Masculinity, Status, and Subordination: Why Working for a Gender Stereotype Violator Causes Men to Lose Status

Men working for female supervisors in male-dominated fields receive lower salaries and lose social status due to their lower perceived masculinity.


Anthropological research shows that different cultures construct different models of appropriate manhood, which are both difficult to achieve and precarious. The workplace is an especially important setting for masculinity to be enacted, evaluated, and validated. When men work in highly feminized occupations (e.g., preschool education, nursing), their masculinity may be called into question, and as a result, men in these occupations tend to engage in strategies to reassert their masculinity. In this paper, the authors investigate whether a man working in a gender incongruent role (such as a man who works for a female supervisor in a traditionally masculine industry or a man who serves as a supervisor in a traditionally feminine industry) has a negative affect on how others rate his status and his annual salary when compared to other individuals assigned in gender congruent conditions. The authors assessed this question by asking participants to read scenarios describing these roles then they rate the workers’ status and assign them an annual salary.

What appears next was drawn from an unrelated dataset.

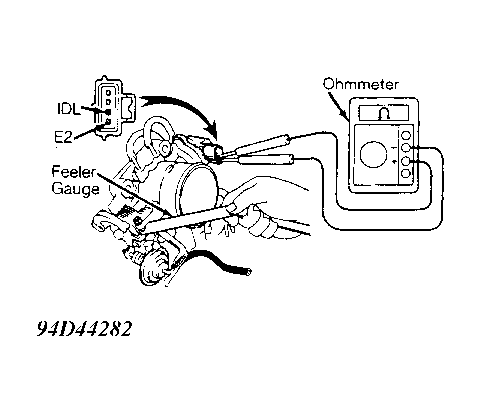 - Disconnect electrical connector from Throttle Position Sensor (TPS). Loosen TPS mounting screws. Connect ohmmeter between terminals IDL and E2. See Fig 1 and Fig 2.

Men who work for women in stereotypically male dominated fields (or work for men in female stereotypical fields) are accorded less status, and in turn, a lower salary. There is no difference for women.

  • Male subordinates of gender-atypical supervisors were accorded lower status, assigned lower salaries, and perceived as significantly less masculine than male subordinates of supervisors in gender-congruent roles.
  • Men who worked for stereotype incongruent supervisors received lower salaries, with a mean salary of $53,371, than men who worked for stereotype congruent supervisors, with a mean salary of $72,173. In contrast, there was no salary difference for female subordinates, who worked for stereotype-incongruent vs. congruent supervisors.
  • The status loss for men with gender-incongruent supervisors was mediated by a perceived lack of masculinity. When male subordinates affirmed their masculinity with conventionally masculine hobbies, they received more status than men whose masculinity was not affirmed in that way (7.91 versus 5.10 on a scale of 1 to 11). Additionally, men who affirmed their masculinity received a higher salary than men who did not ($78,285 compared to $50,606, respectively).

In short, working for a supervisor whose gender is incongruent with their field of work—a male nurse or a female engineer—can carry significant social and economic costs for men, but not for women.


The authors conduct two studies analyzing the relationship between gender deviant supervisors and male subordinates. In Study 1, 73 women and 47 men were randomly assigned to read a scenario that described a male or female assistant, his or her supervisor, and the type of work they did (construction site supervision vs. human resources). Participants were randomly assigned to read scenarios involving either male or female workers in workplaces with either gender-congruent or gender-incongruent supervisors. They were then asked to rank the worker in their scenario in terms of the status, power, and independence they felt he or she deserved, assign them a yearly salary, and rate them according to masculine or feminine traits. In Study 2, the authors experimentally manipulated perceived masculinity to establish its validity as a mediator of bias.